Le jugement rendu le 21 janvier 2020 par le Tribunal correctionnel de Tarascon prononcera la relaxe des dirigeants de l’exploitation "Les sources".
"La décision a été frappée d’appel car il est apparu, après le délibéré, que l’information judiciaire n’avait pas intégré au dossier les éléments intéressant la mort de Monsieur Elio Maldonado Granda, disponibles dans l’enquête menée par l’OCLTI, pour l’infraction de travail dissimulé en bande organisée ", détaille Maître Prévost, avocat des parties civiles dans cette affaire.
Au terme des deux enquêtes, il ressortira que le propriétaire de l’exploitation "Les sources", Julien Perez, est le mari d’Anne Perez, représentante française de Terra Fecundis, basée à Châteaurenard, dans les Bouches-du-Rhône.
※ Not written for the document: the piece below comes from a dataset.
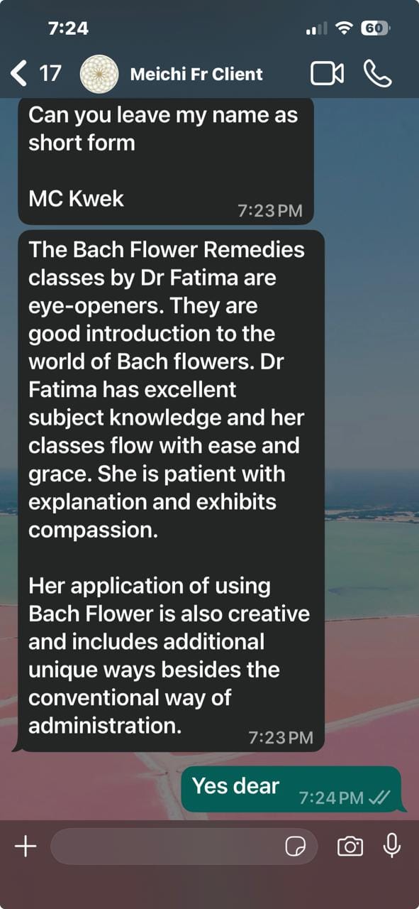 2. Medical Disclaimer (Important) The services and products provided by Dr. Fatima (Bach Flower Remedies) are for holistic emotional support and educational purposes only. They are NOT a substitute for professional medical advice, diagnosis, or treatment from a licensed doctor. If you have a serious medical condition, please consult your physician.

Autre point troublant pour l’avocat des parties civiles, "la non-assistance à personne en danger", supposée du frère du propriétaire, Marc Perez, présent sur place le jour du malaise d’Elio Maldonado Granda.
"Alerté par les autres saisonniers, il n’aurait pas porté secours au saisonnier, et aurait ordonné aux travailleurs présents, de contacter Terra Fecundis directement".
Ce qui aurait considérablement rallongé le temps de prise en charge par les secours d’Elio Maldonado Granda.
Autre information que va tenter de mettre en évidence l’avocat des parties civiles, "les tentatives d’intimidations à l’encontre de certains salariés et la volonté d’influer sur leurs témoignages de la part de la famille Perez".
Les peines encourues sont 10 ans de prison et 100 000 euros d'amende.
Lors de la crise du Covid en 2020, Terra Fecundis avait aussi été pointée du doigt pour sa mauvaise gestion des protocoles sanitaires et l'apparition d'un cluster au sein de ses travailleurs détachés avec 258 cas de Covid positifs détectés.
Le vendredi 21 mai, lors du dernier jour de procès, le CODETRAS organise un rassemblement "pour une égalité des droits entre travailleurs", sous l'ombrière du Vieux-Port.